III. La formation du caractère au stade « génital » du développement

Dans les deux stades du développement dont nous avons discuté jusqu’ici, nous avons pu reconnaître des formes archaïques du caractère. Elles représentent, dans la vie de l’individu, une répétition des conditions primitives que l’espèce a parcourues au cours des étapes de son développement. Comme pour l’ensemble de la vie organique, l’expérience confirme que le développement de l’individu répète sous une forme abrégée celle de ses ancêtres. Ainsi, dans des circonstances normales, ces stades précoces de la formation du caractère seront-ils traversés dans un laps de temps relativement court. Nous ne retracerons ici qu’à grands traits comment le caractère définitif de l’homme s’échafaude sur cette base.
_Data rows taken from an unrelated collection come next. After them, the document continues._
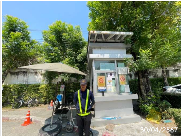
รูปที่ 2-10 เจ้าหน้าที่รักษาความปลอดภัย และอำนวยความสะดวกด้านจราจรภายในโครงการ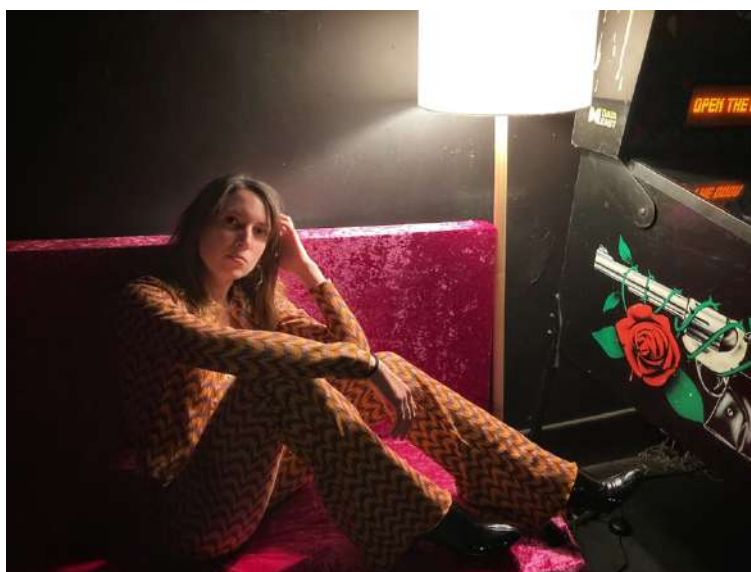
La fotógrafa Olivia LH

Hoy en día trabaja como fotógrafa social, equilibrando su tiempo entre eventos sociales y retratos promocionales. Su misión es simple: capturar la esencia y emoción de cada momento para artistas y profesionales, proporcionando imágenes auténticas y cercanas para sus sitios web y redes sociales.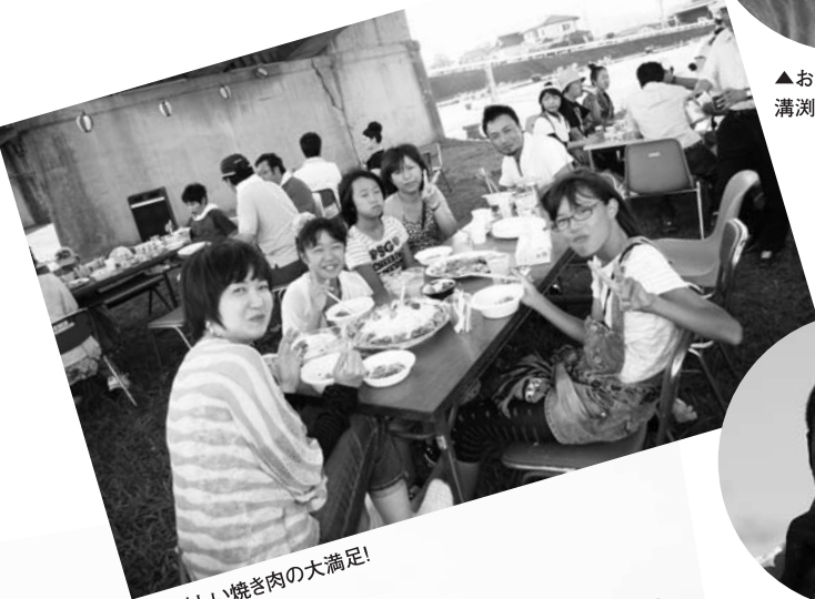
▲美味しい焼き肉の大満足!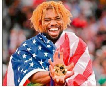
ಅಮೆರಿಕದ ನೋವಾ ಲೈಲ್ಸ್ (ಎಡ) ಡಚ್ ಓಟಗಾರ್ತಿ ಫೆಮ್ ಬೋಲ್ಟ್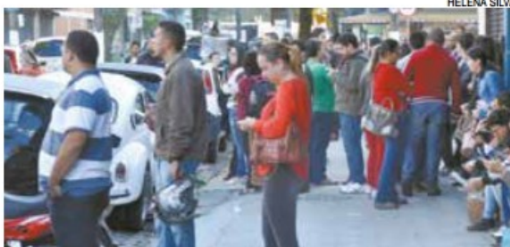
Participaram das provas objetivas 7.108 candidatos

Exames tiveram a participação de 7.108 candidatos, na disputa por 26 vagas em nove cargos: advogado, agente administrativo, assistente social, contador, encarregado, enfermeiro auditor, médico auditor, técnico auxiliar de administração e técnico de contabilidade. Habilitados nos cargos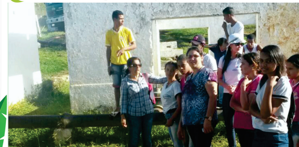
Visita ao bairro Bom Retiro, a Estação de Tratamento de Esgoto, o rio da Passagem e Biquinha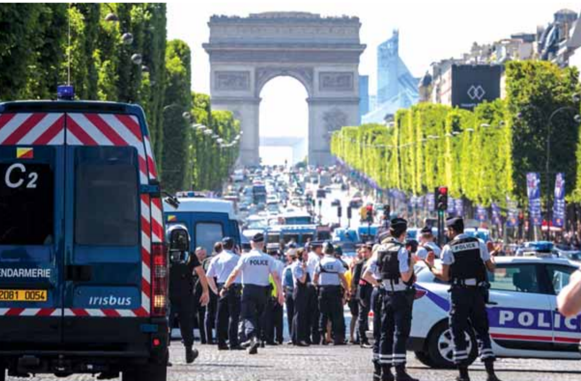
استفزاز للشرطة الفرنسية في مكان العملية

العاصمة الفرنسية. وأكد الوزير أن الحادث كان «محاولة هجوم». واقادت مصادر للشرطة أنها عثرت على قوارير غاز ومسدسات وكلاشنكوف في سيارة المهاجم وهي من طراز رينو ميغان. وأضاف كولومب «لقد تم استهداف قوات الأمن في فرنسا مرة أخرى. وقال إن الأسلحة والمتفجرات التي عثر عليها في السيارة «يمكن أن تؤدي إلى انفجارها».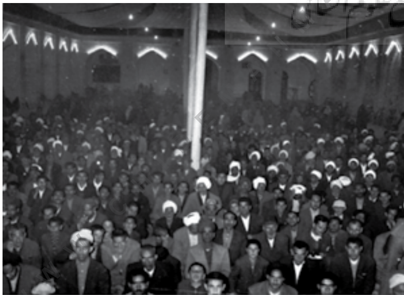
مراسم اربعین حسینی، صحن مسجد جامع یزد، منبع: مرکز اسناد میراث فرهنگی

از هم‌نشینی خانه‌ها، مسجد، بازارچه، حسینیه، آب‌انبار و... در محله‌های مختلف، به مرور زمان بافتی شکل گرفته است که قوی‌ترین نیروهای اجتماعی را می‌توان در آن مشاهده کرد. بافت تاریخی مانند جسمی است که روح جاری در آن، زندگیست. زمانی سالم است و به تعالی می‌رسد که تک‌تک اعضای آن (کوچه‌های آشتی‌کنان، خانه‌ها، میدان‌ها، لردها و...) حیات داشته باشند و آن‌طور که شایسته آن‌هاست، مورد بهره‌برداری قرار بگیرند.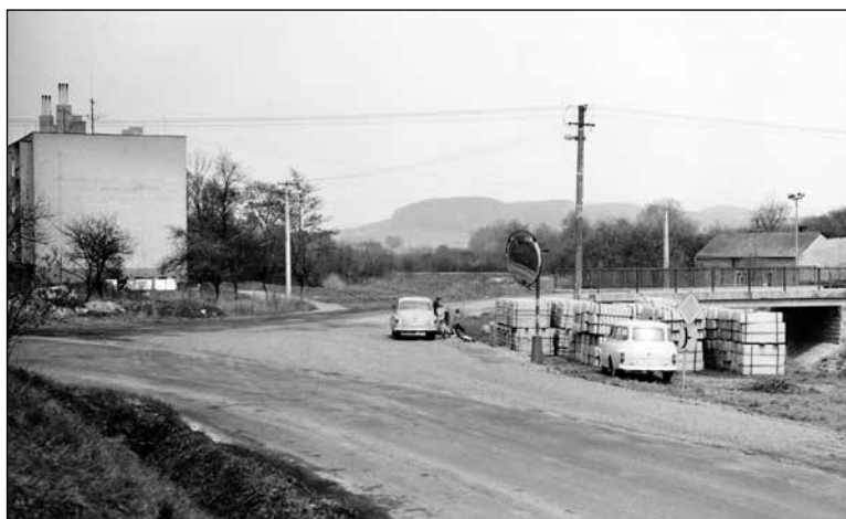
Hlavní silnice a okolí mostu přes Rusavu 25. 4. 1985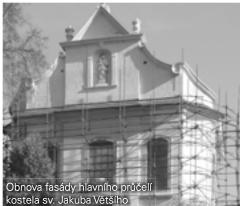
Obnova fasády hlavního průčelí kostela sv. Jakuba Většího

V kostele sv. Jakuba Většího v Železném Bro-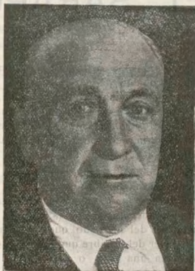
D. FRANCISCO LARGO CABALLERO

Hoy el panorama europeo ha cambiado totalmente. Sobre los campos de una guerra comercial ha crecido la hierba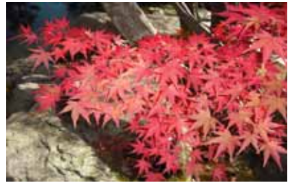
文化ゾーンの紅葉も見ごろでした。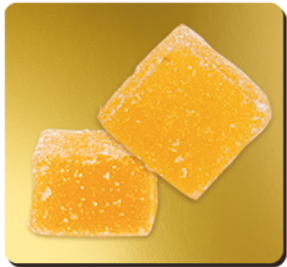
CITRON DE CORSE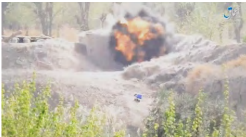
מתוך סרטון של דאעש המתעד את פגיעת רקטת נ"ט, ששוגרה לעבר עמדה של צבא סוריה בפאתי אלבוכמאל (אעמאק, 23 במרץ 2018).

◀ מקורות אמריקאים שבו והביעו חשש מהתבססות פעילי דאעש במרחב שפונה ע"י כוחות SDF (קרי, מורד עמק הפרת). על פי מקורות כורדיים התגייסו ללחימה נגד תורכיה בעפרין כ-1,700 לוחמי SDF . להלן התבטאויות אמריקאיות cbuat: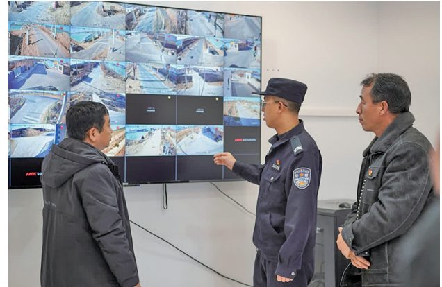
排查辖区动态,精准研判风险隐患。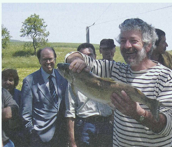
Ein Prachtsexemplar einer Forelle als Beweis für die erfolgreichen Renaturalisierungsmassnahmen am Arnon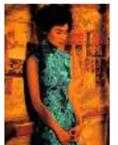
(4) In the Mood for Love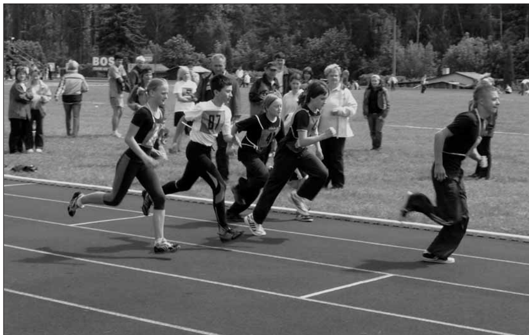
Běh na 800 m – žáci III.

Všem účastníkům přeji hodně štěstí a úspěchů v krajském kole.

On définit habituellement le caractère comme la direction d’ensemble des impulsions volontaires habituelle à un homme. Il n’est pas dans le propos de notre étude de nous attarder davantage à préciser ce concept. Mais il sera opportun de ne pas mettre trop l’accent sur l’« habitude » d’orienter dans un sens défini les impulsions volontaires. Car les considérations qui précèdent nous ont déjà démontré les vicissitudes du caractère. Nous ferons donc mieux de ne pas ériger au rang de signe distinctif capital la pérennité des particularités de caractère. Il nous suffira de dire du caractère qu’il comprend la totalité des réactions pulsionnelles de l’individu à la vie sociale.

Nous savons d’expérience que l’enfant, au début de la vie, réagit au monde extérieur d’une manière purement instinctuelle. Ce n’est que peu à peu qu’il surmonte une partie de ses tendances égoïstes et de son narcissisme et progresse vers l’amour objectal. On le sait, l’atteinte de ce but de l’évolution coïncide avec un second processus important : l’accès au plus haut degré d’organisation libidinale, que nous désignons par le terme de stade génital. En soulignant que l’origine des traits de caractère remonte à certaines sources pulsionnelles, nous supposons, par le fait même, que la formation du caractère ne sera achevée qu’une fois la libido parvenue au stade ultime de son organisation et à la constitution de l’amour objectal. Et il est certain que tous les faits confirment la théorie de Freud, aux termes de laquelle le comportement sexuel de l’individu servirait de prototype à l’ensemble de ses comportements psychiques.

Nous avons déjà montré en détail dans le premier des trois articles présentés qu’une adaptation parfaite de l’individu aux intérêts de la collectivité n’est possible qu’une fois atteinte l’étape génitale de l’évolution libidinale. Mais nous n’avons pas encore étudié pour lui-même le processus qui comprend le passage du second stade au stade définitif de la formation du caractère.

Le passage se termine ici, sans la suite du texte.